Experimental Example: Investigation of Stability and Water Solubility
(18) 1. Samples: the microcapsules of Examples 1-3, the microcapsules of Comparative Examples 1-5, wherein:
Comparative Example 1
(19) prepared according to the method provided in Example 1 of CN200580031802.8 (CN101023140A);
Comparative Example 2
(20) prepared according to the method provided in Example 1 of CN200810137559.3 (CN101433528A);
Comparative Example 3
(21) prepared according to the method provided in Example 1 of CN201110232047.7 (CN102258499A);
Comparative Example 4
(22) prepared according to the method provided in Example 1 of CN200610154617.4 (CN101177540B); and
Comparative Example 5
(23) prepared according to the method provided in Example 6 of CN201310392763.0 (CN103406079A).
(24) 2. Investigation methods:
(25) Stability: the lutein microcapsules prepared in Examples 1-3 and Comparative Examples 1-5 were placed directly in a drug stability test chamber, kept under the conditions of 40° C. and RH 75% in dark and then measured for the initial contents of the samples and the contents after being kept for 6 months, and then the content retention rate was calculated.
(26) Water solubility: 0.1000 g of lutein microcapsule sample was weighed and placed in a 100 ml volumetric flask, added with purified water for dissolving (ultrasonic treatment was conducted if necessary,), and diluted with purified water to 100 ml. A black and white pattern similar to a Secchi's disc was attached to the bottom of a 50 ml colorimetric tube, then the dissolved sample was poured into the colorimetric tube until the pattern at the bottom could not be seen clearly, and the height of the liquid level in the colorimetric tube was recorded at this time point.

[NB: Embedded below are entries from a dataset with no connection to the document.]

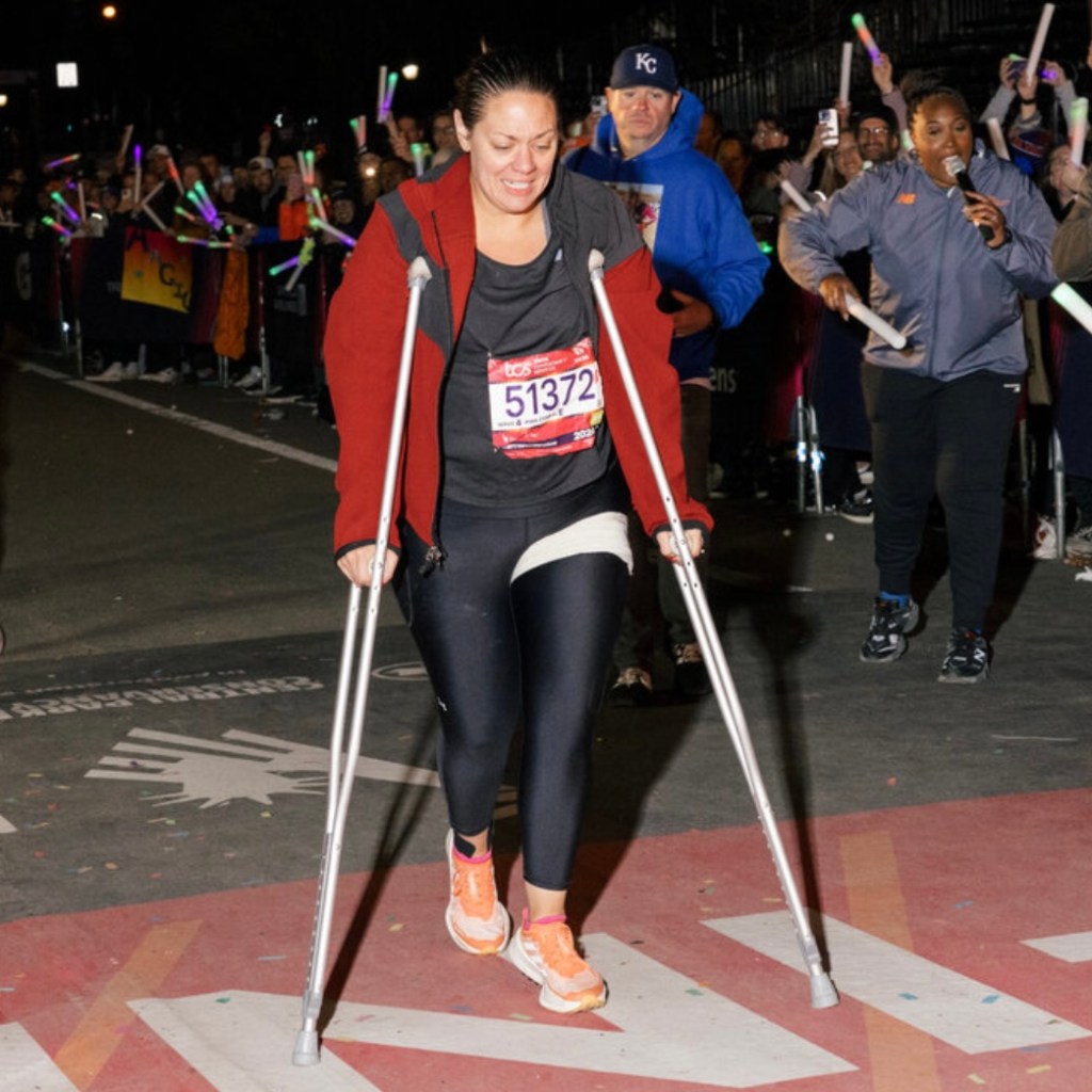 As she approached the finish line in Central Park, word reached the medics stationed there someone was finishing on crutches. They met her with a wheelchair.”
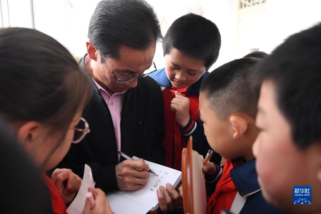 在靜寧縣城關小學,朱彥軍在孩子們的筆記本上書寫詩詞,鼓勵孩子們熱愛閱讀(4月10日攝)。新華社記者 陳斌 攝
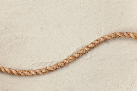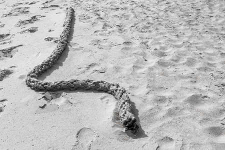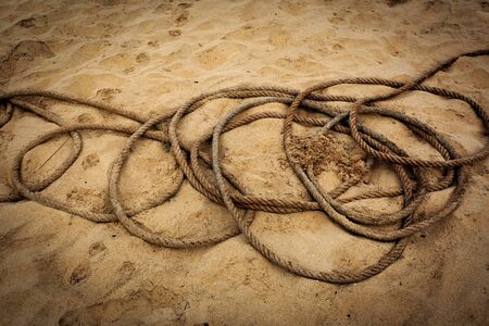 Close-up of old frayed boat rope as a background, rope on the background of sand
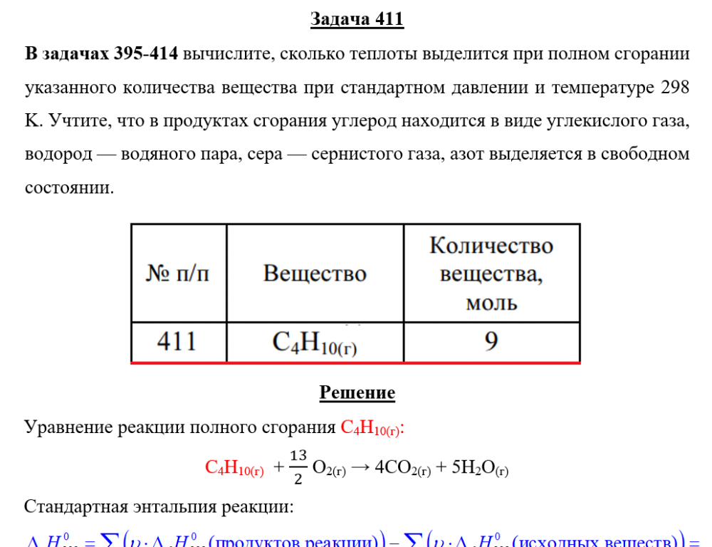 Задача 411 - вычислите, сколько теплоты выделится при полном сгорании указанного количества вещества при стандартном давлении и температуре 298 K. Учтите, что в продуктах50 сгорания углерод находится в виде углекислого газа, водород — водяного пара,

The test was repeated for three times, and the average value was calculated.
(27) 3. The test results are shown in Table 1.
(28) TABLE-US-00001 TABLE 1 Test results The content retention rates (%) after standing under the conditions of 40° C. and Transparency RH 75% for 6 months (cm) Example 1 98.2 13.75 Example 2 98.0 13.80 Example 3 97.9 14.05 Comparative Example 1 78.8 8.6 Comparative Example 2 82.4 11.2 Comparative Example 3 85.6 13.2 Comparative Example 4 95.2 13.5 Comparative Example 5 92.5 9.2
(29) The results in Table 1 showed that, the retention rates of the microcapsules after standing for 6 months were 97% or more of Examples 1-3, while the highest retention rate of the microcapsules of Comparative Examples 1-5 was 92.5%, which is lower than those of Examples 1-3; and the transparencies of the microcapsules of Examples 1-3 were 13.7 cm or more, and the highest transparency of the microcapsules of Comparative Examples was 13.5 cm.
(30) The results showed that: the stability of the lutein microcapsules provided by the present invention was superior to that of the comparative patent applications, and the transparency of the aqueous dispersion also ranked in upper level, which can meet the actual production needs.
INDUSTRIAL APPLICABILITY
(31) The invention provides a highly stable lutein microcapsule formulation which is easy to be industrially produced and provided with a shape of microsphere. The formulation and the preparation method thereof do not use the organic solvent, which improves the safety of the product; the lutein crystal is melted in the water-soluble emulsifier without using the edible oil, after in combination with further grinding, it allows the microcapsules to have a particle diameter of 100 nm or less, so that the aqueous dispersion of the product is clear and transparent; by using starch for one-step granulation to obtain spherical microcapsule, the effect of secondary embedding can be achieved to improve the stability, and the drawbacks of the powder prepared by the spray drying method, such as poor resistance to pressure, unsuitability for tabletting (poor fluidity), and unsuitability for filling hard capsules can be overcome.